Work required
Retype the data below exactly, skipping pictures.

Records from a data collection

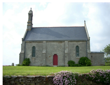
Tréguennec, chapelle Saint-Alour : élévation sud IVR53_20082905916NUCA
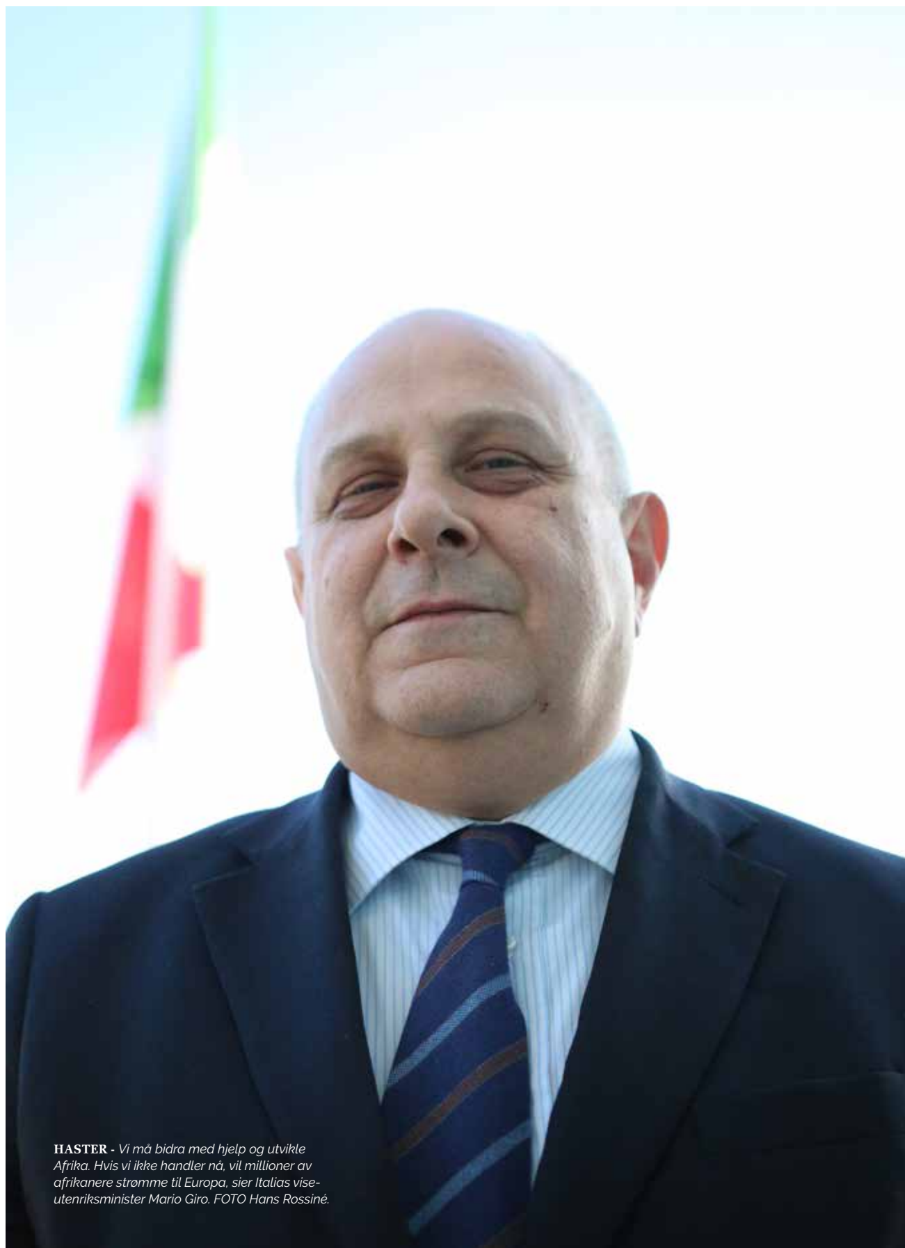
HASTER - Vi må bidra med hjelp og utvikle Afrika. Hvis vi ikke handler nå, vil millioner av afrikanere strømme til Europa, sier Italias viseutenriksminister Mario Giro.
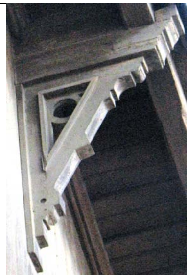
Tallinn, Vana-Kalamaja 11A/ Tööstuse
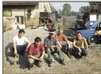
Změny prac. zařazení jsou možná.
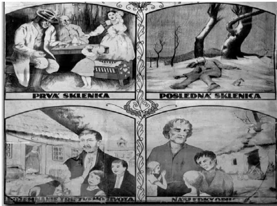
Ukážka z dobovej učebnej pomůcky, ktorá varuje pred následky pitia. Dostupná bola v niekdajšom muzeu v Myjavě.

ný význam, lebo chlieb bol považovaný za Boží dar. Po príprave sudov a výbere ich umiestnenia začíná príprava kvasu. Gazda sa denne po práci vyšiel pozrieť do sadu alebo ovocnej záhrady. Každú spadnutú slivku zdvihol a doniesol domov. Podľa kvality ju roztriedil na sušenie, lekvár alebo slivovicu. Tú, ktorú určil na slivovicu, hodil do suda. Slivky neumýval. Keď bola niekto-
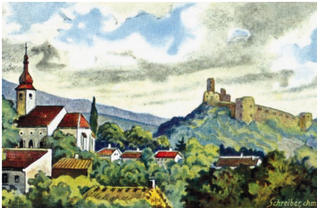
▲ Hrad Smolenice pred prestavbou ▼ Zámocká veža
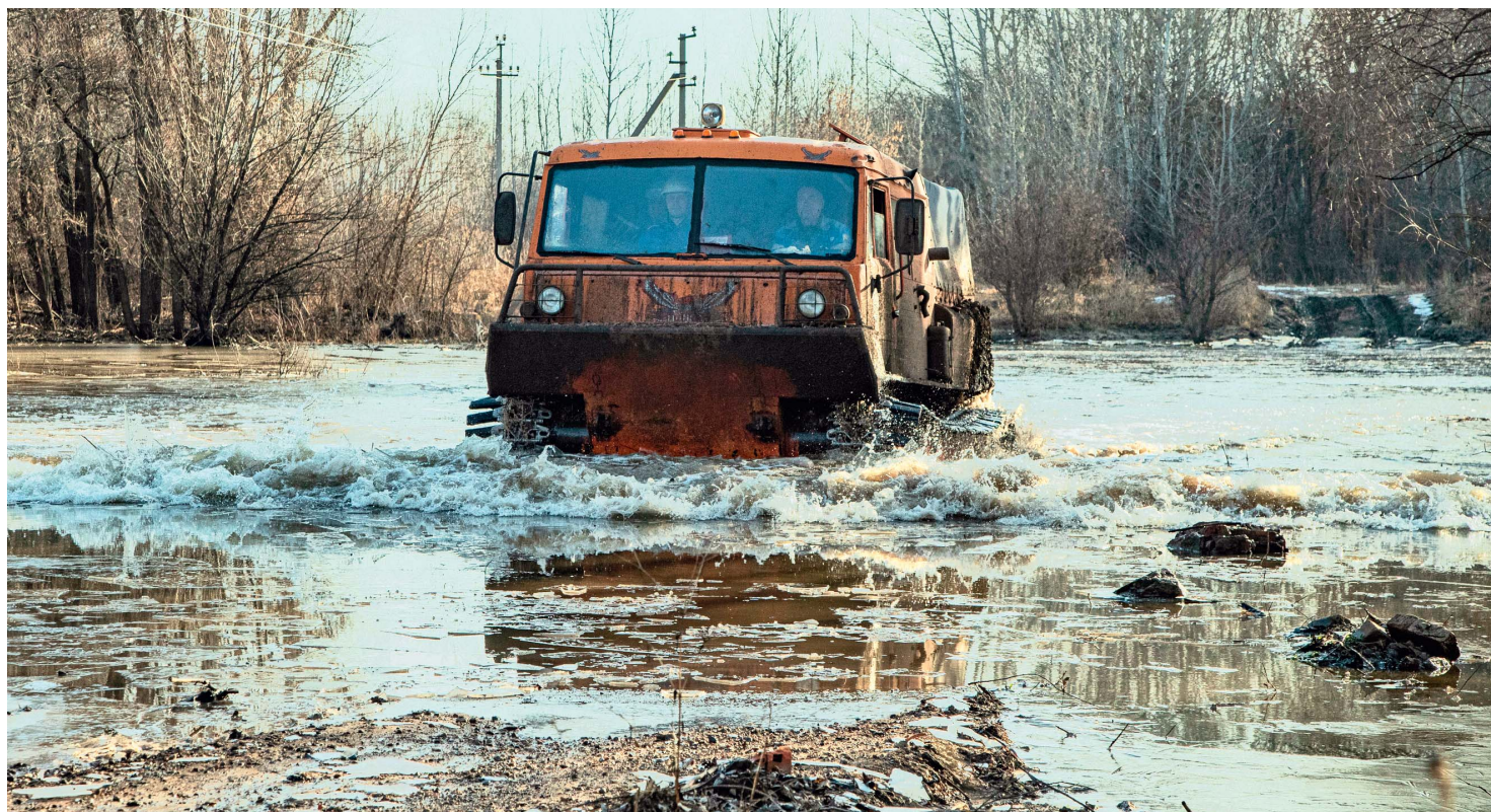
До труднодоступных производственных объектов газодобытчики добираются на специальной технике

Уровень основных водных артерий в центральной части региона расти перестал. А совсем недавно на Урале, Сакмаре, Салмыше он поднимался за сутки на пару сантиметров, несколько дециметров и даже метров. Ни одна из указанных рек из берегов не вышла. Но все равно до части производственных объектов газодобытчики могут добраться только на высокопроходимой технике: низины и овраги заполнили тальные воды.
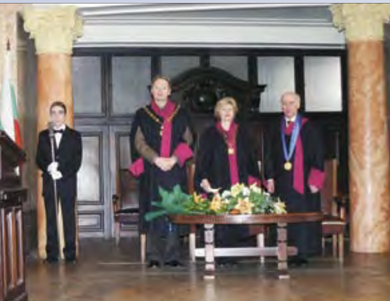
Церемония чествования почетных докторов Софийского университета

во Шалвы Александровича «Гуманно-личностная педагогика: теория и практика». Это было выступление учителя, сердце которого всегда устремлено к ученикам и притягивает их своей искренностью, мудростью и добротой.
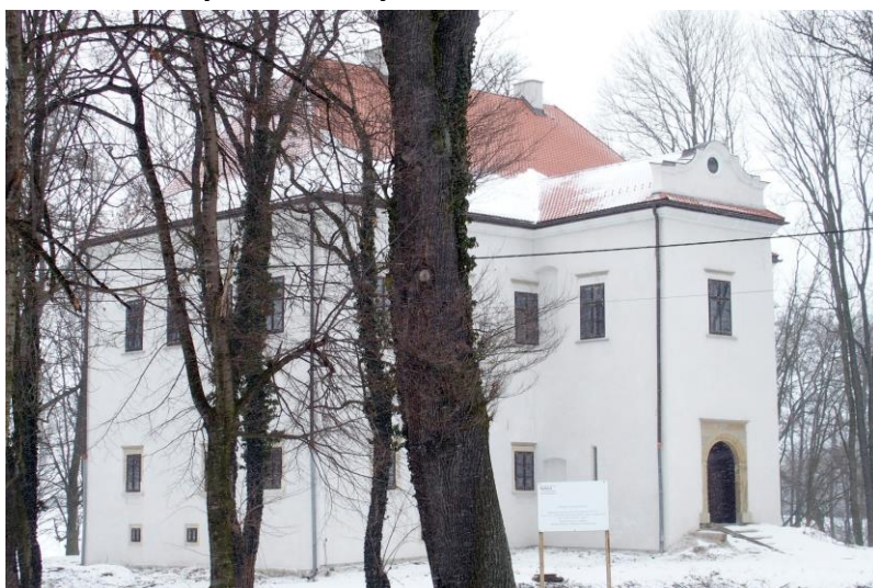
Zdjęcie nr 7. Dwór obronny w Graboszycach
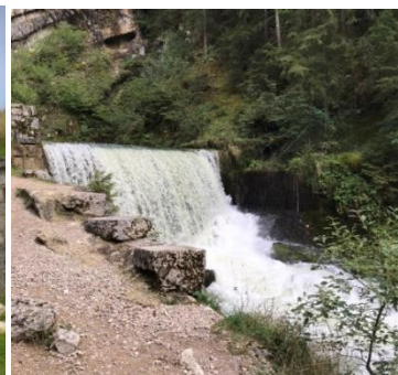
Source du Doubs à Mouthé
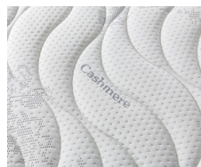
Tessuto SilverSave Cashmere

Washability: the cover is removable and can be washed in water at 30° C.
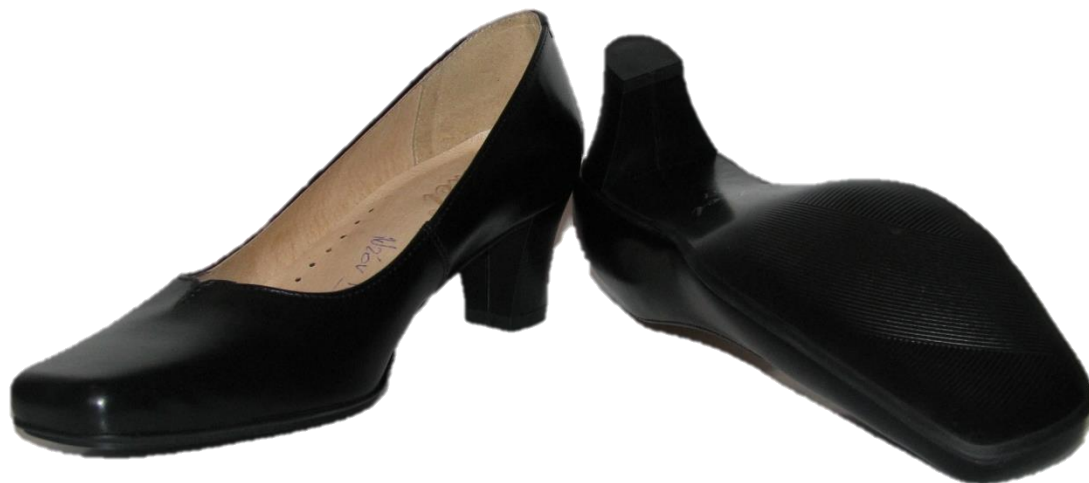
Półbuty damskie Wzór 915A/MON
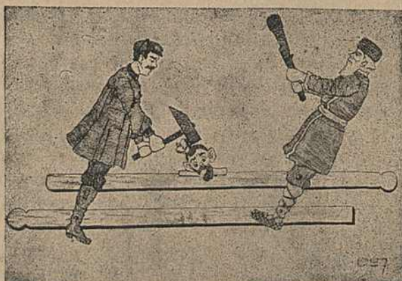
Карыкат. № 10.

Адносна карыкатуры № 10 гаварылася раней.
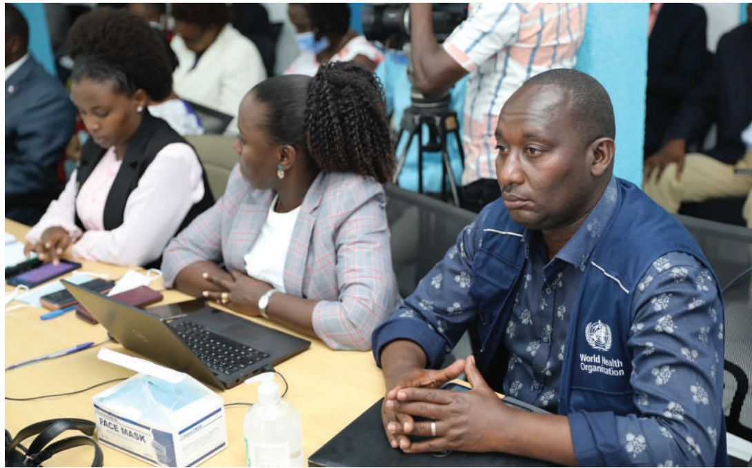
Une vue partielle des participants à la réunion.

financement solide ; et la promotion de la recherche et des innovations technologiques pour promouvoir la santé ; l'objectif poursuivi étant de « Permettre à tous de vivre en bonne santé et promouvoir le bien-être de tous à tout âge ».
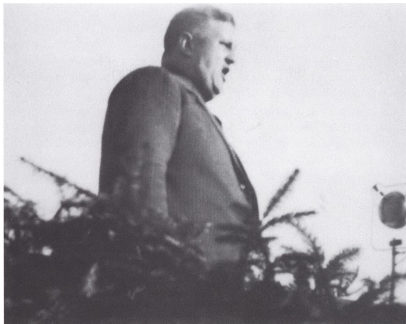
Frits Clausen taler ved et nazistisk møde i Bovrup 3. sept. 1933.

Answer section
Tréguennec, chapelle Saint-Alour : élévation sud IVR53_20082905916NUCA
HASTER - Vi må bidra med hjelp og utvikle Afrika. Hvis vi ikke handler nå, vil millioner av afrikanere strømme til Europa, sier Italias viseutenriksminister Mario Giro.
Tallinn, Vana-Kalamaja 11A/ Tööstuse
Změny prac. zařazení jsou možná.
Ukážka z dobovej učebnej pomůcky, ktorá varuje pred následky pitia. Dostupná bola v niekdajšom muzeu v Myjavě.

ný význam, lebo chlieb bol považovaný za Boží dar. Po príprave sudov a výbere ich umiestnenia začíná príprava kvasu. Gazda sa denne po práci vyšiel pozrieť do sadu alebo ovocnej záhrady. Každú spadnutú slivku zdvihol a doniesol domov. Podľa kvality ju roztriedil na sušenie, lekvár alebo slivovicu. Tú, ktorú určil na slivovicu, hodil do suda. Slivky neumýval. Keď bola niekto-
▲ Hrad Smolenice pred prestavbou ▼ Zámocká veža
До труднодоступных производственных объектов газодобытчики добираются на специальной технике

Уровень основных водных артерий в центральной части региона расти перестал. А совсем недавно на Урале, Сакмаре, Салмыше он поднимался за сутки на пару сантиметров, несколько дециметров и даже метров. Ни одна из указанных рек из берегов не вышла. Но все равно до части производственных объектов газодобытчики могут добраться только на высокопроходимой технике: низины и овраги заполнили тальные воды.
Церемония чествования почетных докторов Софийского университета

во Шалвы Александровича «Гуманно-личностная педагогика: теория и практика». Это было выступление учителя, сердце которого всегда устремлено к ученикам и притягивает их своей искренностью, мудростью и добротой.
Zdjęcie nr 7. Dwór obronny w Graboszycach
Source du Doubs à Mouthé
Tessuto SilverSave Cashmere

Washability: the cover is removable and can be washed in water at 30° C.
Półbuty damskie Wzór 915A/MON
Карыкат. № 10.

Адносна карыкатуры № 10 гаварылася раней.
Une vue partielle des participants à la réunion.

financement solide ; et la promotion de la recherche et des innovations technologiques pour promouvoir la santé ; l'objectif poursuivi étant de « Permettre à tous de vivre en bonne santé et promouvoir le bien-être de tous à tout âge ».
Frits Clausen taler ved et nazistisk møde i Bovrup 3. sept. 1933.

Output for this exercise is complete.